Take the lines from the head of the listing through the one bearing "A night of funky" and copy them exactly, leaving every picture out.

▸ Exercise data
————————

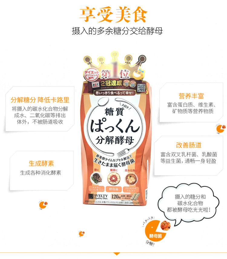 【自营】日本SVELTY丝蓓缇 Pakkun阻糖糖质分解酵母生成酵素120粒
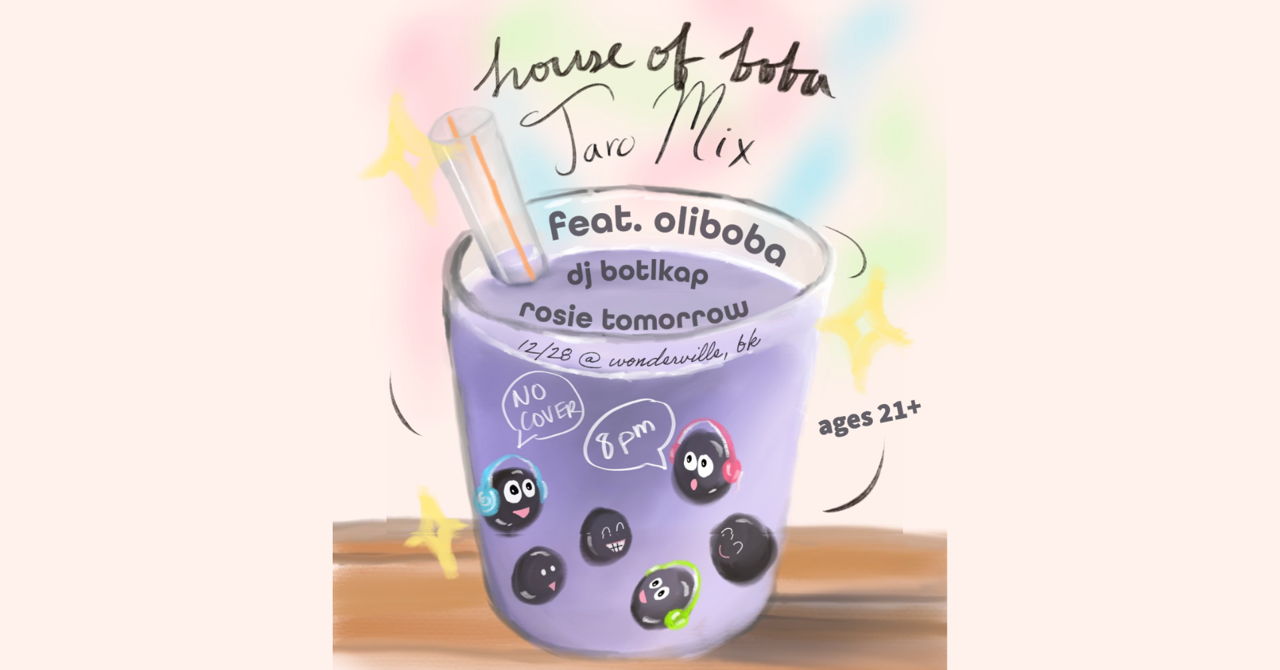 A night of funky house, liquid, and dnb provided by Rosie Tomorrow, DJ Botlkap and oliboba. This "Taro Mix" edition of House of Boba will be the NYC club debut and a celebration you won't want to miss! And who knows, a few lucky guests might get a sweet, bubbly surprise...
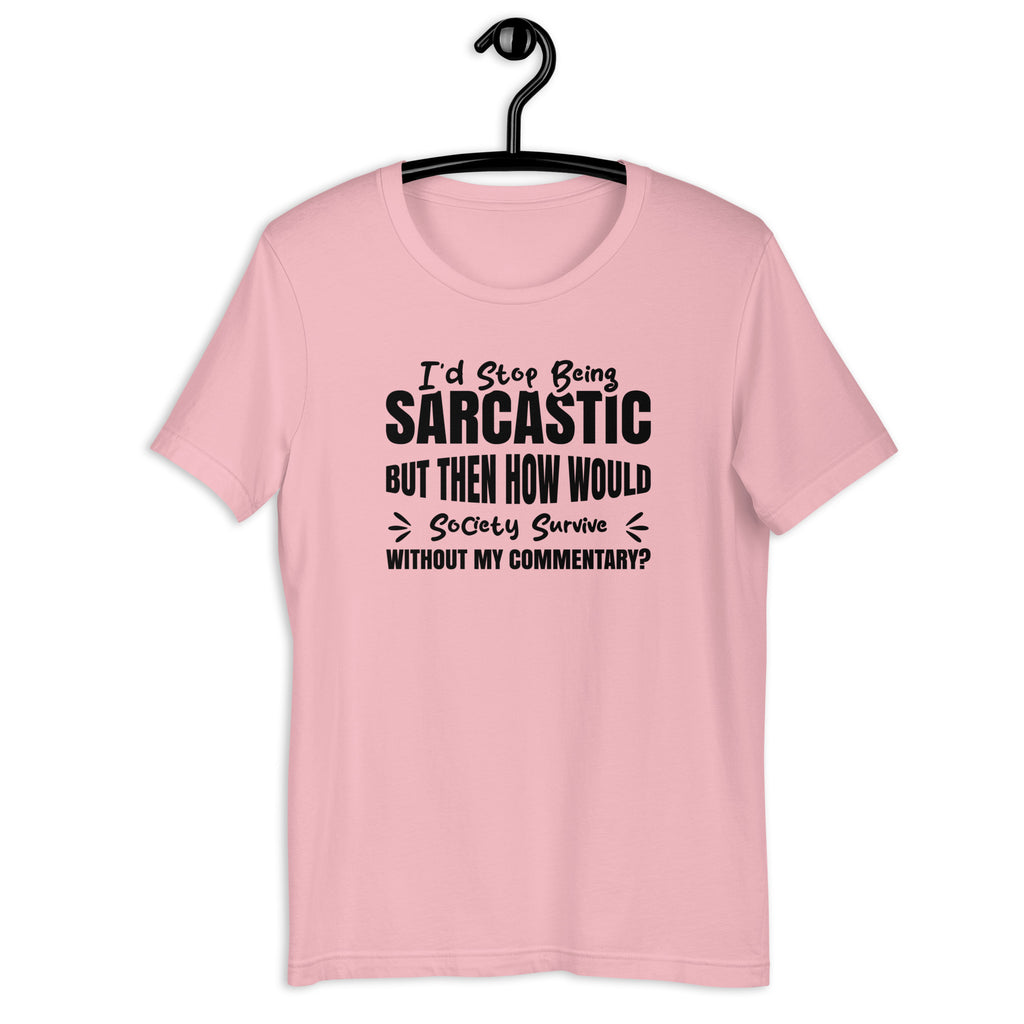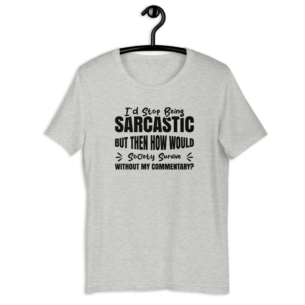 Keep it effortlessly witty with the “I’d Stop Being Sarcastic, But Then How Would Society Survive Without My Commentary?” T-shirt. Perfect for anyone whose sarcasm is practically a public service, this tee highlights the humor of knowing your sharp commentary keeps the world interesting.
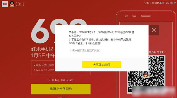 2、之后就可以看到:恭喜你,成功预约红米2!预约码将在48小时内通过QQ钱包服务号发送,如下图所示。
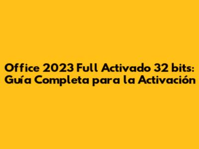 Hey guys! So, you're looking to get your hands on Office 2023 full activado 32 bits, right? You've come to the right place! This comprehensive guide will walk you through everything you need to know about activating Office 2023 on your 32-bit system. We'll cover what you need, the steps involved, and some essential tips to ensure a smooth and successful activation. Let's dive in and get your productivity game on point!
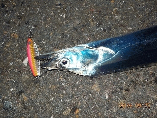 フルキャストしてボトムをとりますが、着底まで30カウント!さすが舞鶴湾。3回シャクッて食わせの間を繰り返すこと約1時間。フォールからのアクション開始時に根掛かりのような手応え。根掛かりか?タチウオか?はたまた他魚種か?慎重に寄せてきて引き上げたのは銀ピカ!二兎のうちの一兎ゲット!
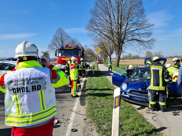 Am heutigen Dienstag (30. März 2021) kam es auf der Emmericher Straße zwischen Warbeyen und Kellen zu einem Verkehrsunfall, an dem drei PKW beteiligt waren. Gegen 12:30 Uhr ging die Alarmierung für die Feuerwehr Kleve ein.
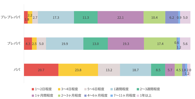 ● “未来のパパ”の5割近くが思い描く育休期間は「1ヶ月以上」、しかし実際のパパの育休期間は「1週間以下」が8割弱
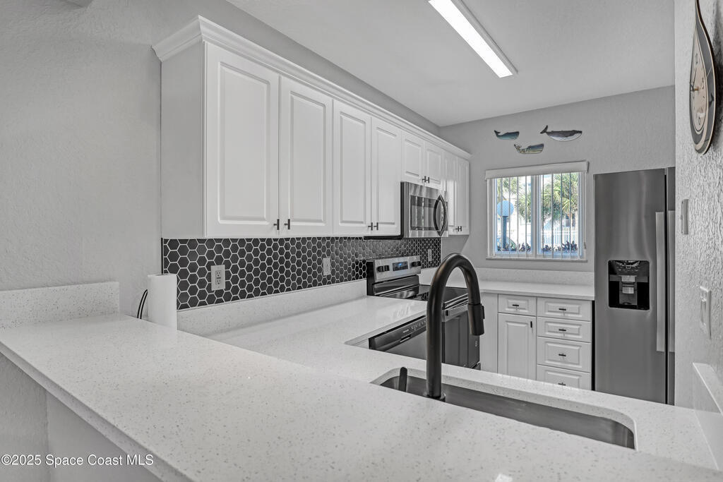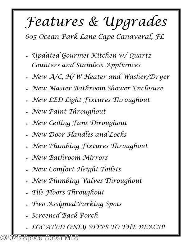 Experience resort-style living in this beautifully renovated & fully furnished ground-floor 2-bedroom, 2-bath villa, ideally located just steps from the pristine shoreline of the Atlantic Ocean. This coastal retreat offers effortless access, modern upgrades, and a bright, beachy ambiance throughout. Step inside and discover the new gourmet kitchen, featuring quartz countertops and stainless steel appliances--perfect for casual dining or entertaining. Every detail has been thoughtfully refreshed, including fresh paint, new ceiling fans and lighting, new door handles and locks and upgraded plumbing fixtures and valves throughout. Enjoy the comfort of new central A/C, a new W/H, and a new washer & dryer for ultimate convenience. The ceramic tile flooring throughout, providing a clean, coastal look that's easy to maintain. No detail has been overlooked, modern comfort with an unbeatable beachside location. This property invites you to relax, unwind, and make every day feel like a vacation!
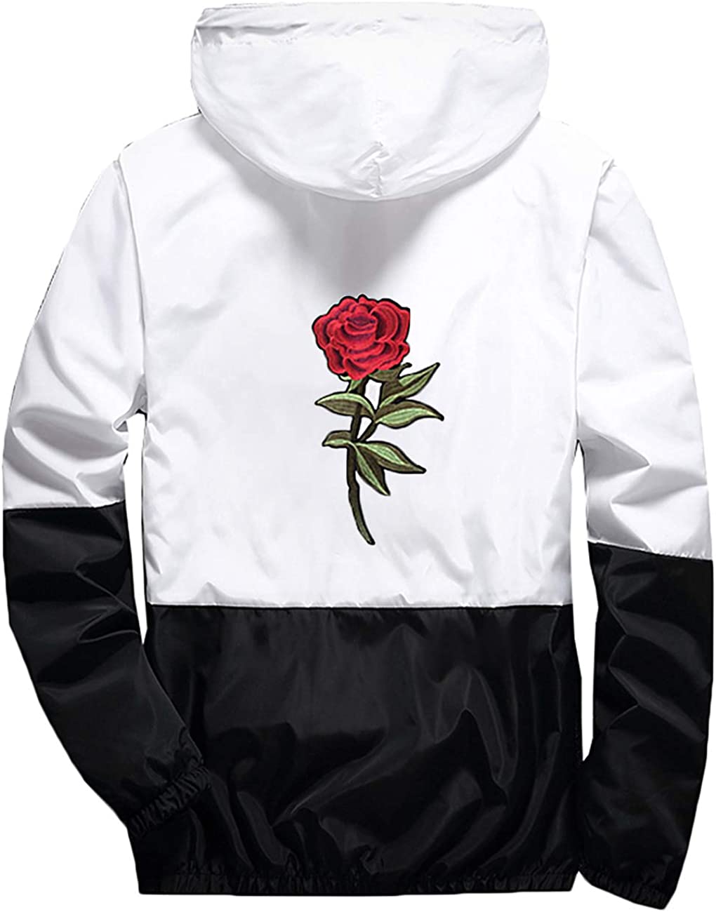 Rexcyril Men's Rose Floral Windbreaker Hooded Jacket Lightweight Casual Full Zip Flower Coat

————————

▸ Result
 【自营】日本SVELTY丝蓓缇 Pakkun阻糖糖质分解酵母生成酵素120粒
 A night of funky house, liquid, and dnb provided by Rosie Tomorrow, DJ Botlkap and oliboba. This "Taro Mix" edition of House of Boba will be the NYC club debut and a celebration you won't want to miss! And who knows, a few lucky guests might get a sweet, bubbly surprise...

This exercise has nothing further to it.